▶ [TASK DIRECTIONS] Write exactly the lines running from the start of the material below to the line that includes "La diputada delegada", and include no pictures.

▶ [SUPPLIED DATA]
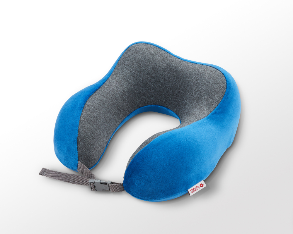 枕を首にかけ、ストラップをお好みの長さに調整して固定します。外す時はストラップ上下を押して外します。保管する際は、枕を巻いてたたんで付属のポーチに入れてください。
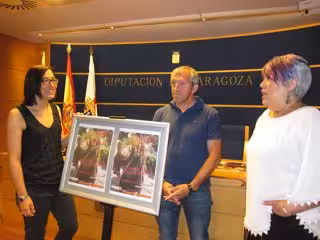 La diputada delegada de Cultura de la Diputación Provincial de Zaragoza (DPZ), Cristina Palacín, el alcalde de Trasmoz, Jesús Andía, y la organizadora de la feria, Lola Ruiz, han presentado este jueves el programa de actividades de esta cita con la brujería y la magia que ha sido declarada, además, Fiesta de Interés Turístico en Aragón.
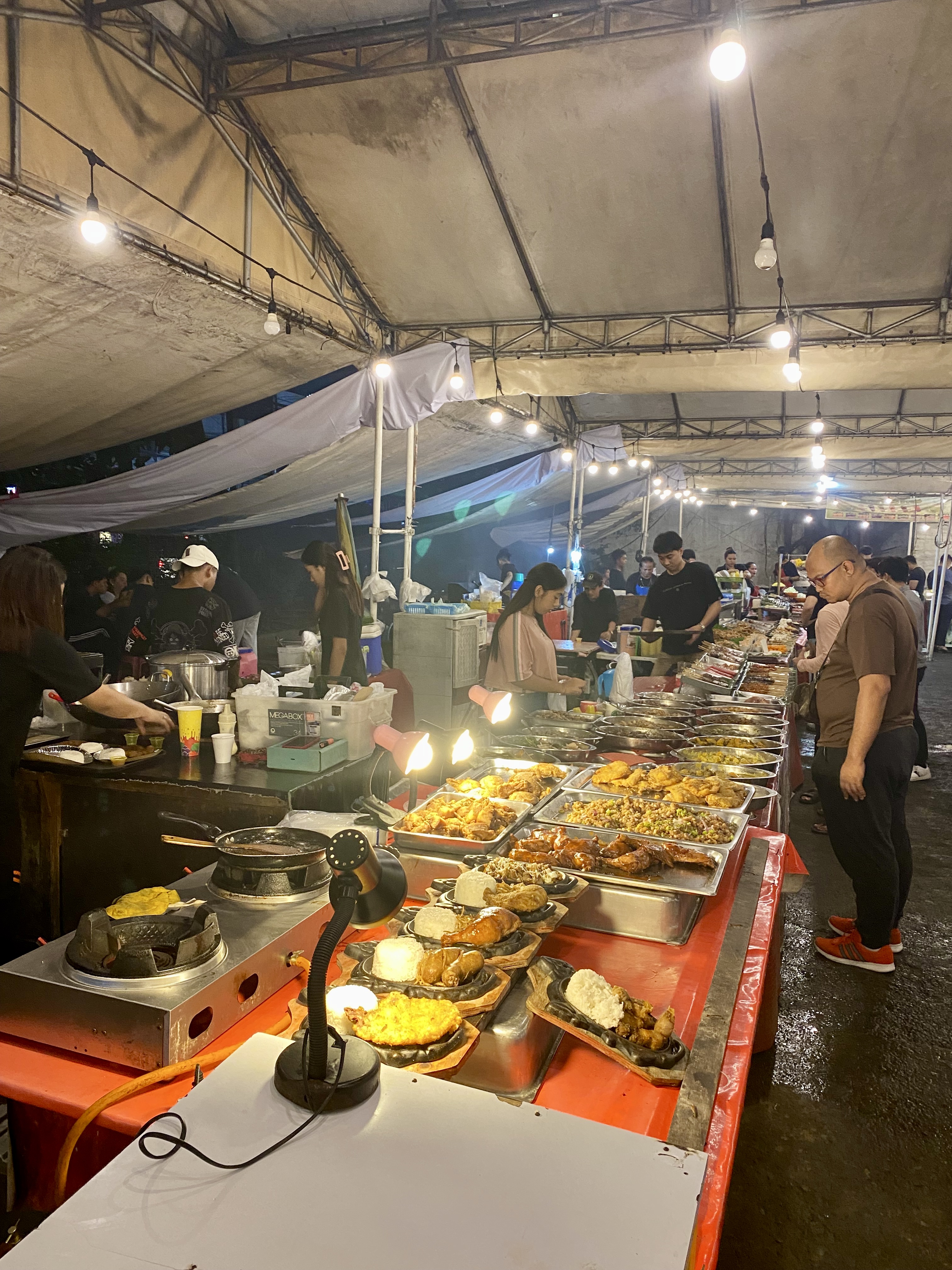 Dès le premier soir, nous renouons avec les night markets si symptomatiques de l’Asie du Sud-Est. Il y en a un juste à côté de l’hôtel. Nous avons déjà passé deux mois en Thaïlande et au Cambodge et adorons cette ambiance. Nous retrouvons cette douceur de vie et ces sourires sur les visages. Nous sommes comblés. 🤩
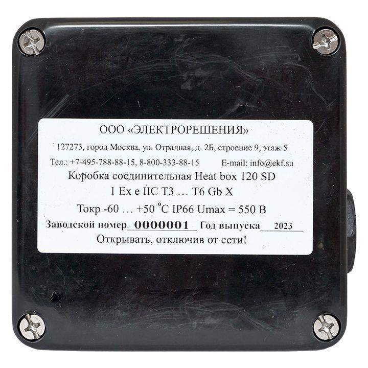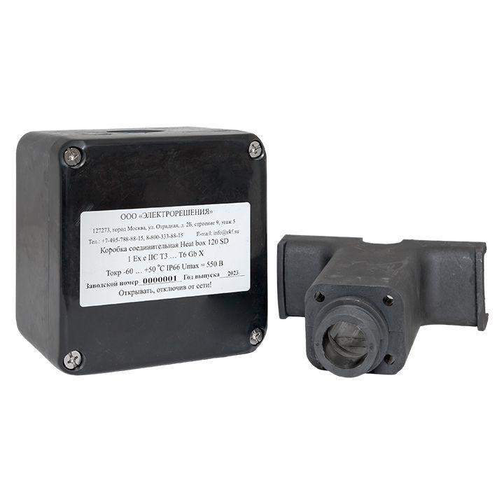 Коробка Heat box 120 SD предназначена для подвода питания к одному или двум саморегулирующимся нагревательным кабелям марок ESR, ESS и ESU. Коробка устанавливается непосредственно на трубопроводе и может применяться с тепловой изоляцией толщиной до 120 мм. Нагревательный кабель вводится под тепловую изоляцию без применения дополнительных устройств. Применяемые клеммные наборы позволяют выполнить подключение многожильных или одножильных кабелей сечением от 0,5 до 10 мм2.
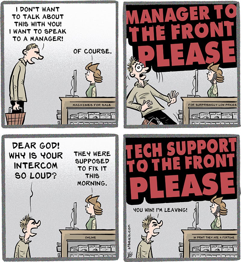 Walking through a line of not-so-happy people to become the one who is helping them is not a very enjoyable walk, but it helps if you try whistling a fun tune as you go.
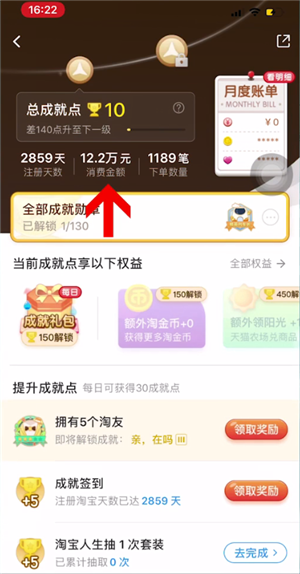3、这时即可在总成就点下看到总消费金额和注册天数了。
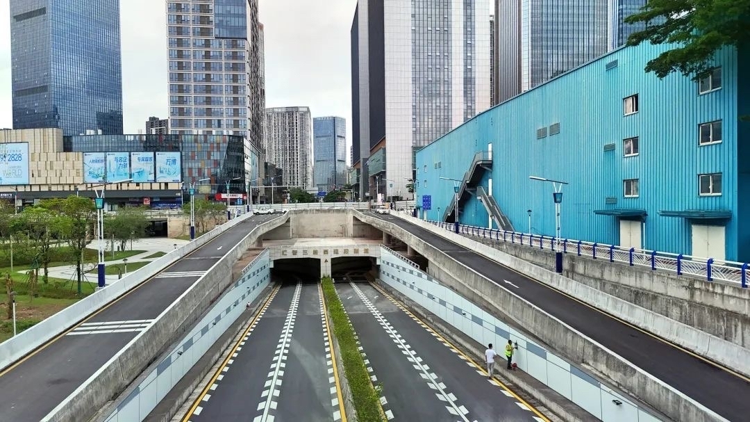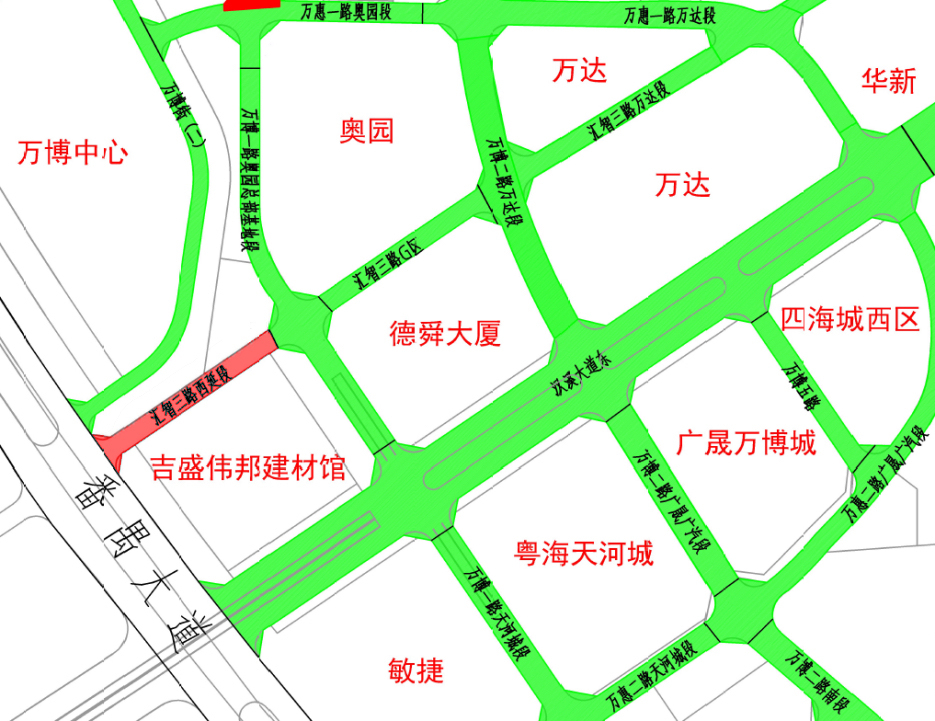 目前,汇智三路西延段通过双向四车道接入总长2.3公里万博地下主环路,可快速直达德舜大厦奥园国际中心、万达广场四海城、广晟万博城、天河城等核心区商业综合体,形成高效便捷的“5分钟商务通勤圈”。
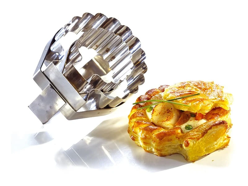 Découpoir à Saint-Jacques double pour bouchées, à poignée, en acier inoxydable 18/10 cannelé, tranchant biseauté.
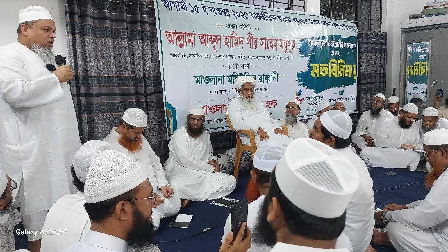 আগামী ১৫ নভেম্বর ২০২৫ ঐতিহাসিক সোহরাওয়ার্দী উদ্যানে আয়োজিত খতমে নবুওয়াত মহাসমাবেশ সফলভাবে বাস্তবায়নের লক্ষ্যে আজ ৮ অক্টোবর (বুধবার) বাদ জোহর রাজধানীর জামিয়া রাহমানিয়া আরাবিয়ায় রাবেতাতুল ওয়ায়েজীন বাংলাদেশ ও সম্মিলিত খতমে নবুওয়াত পরিষদের যৌথ উদ্যোগে এক মতবিনিময় সভা অনুষ্ঠিত হয়েছে।

▶ [TASK ANSWER]
 枕を首にかけ、ストラップをお好みの長さに調整して固定します。外す時はストラップ上下を押して外します。保管する際は、枕を巻いてたたんで付属のポーチに入れてください。
 La diputada delegada de Cultura de la Diputación Provincial de Zaragoza (DPZ), Cristina Palacín, el alcalde de Trasmoz, Jesús Andía, y la organizadora de la feria, Lola Ruiz, han presentado este jueves el programa de actividades de esta cita con la brujería y la magia que ha sido declarada, además, Fiesta de Interés Turístico en Aragón.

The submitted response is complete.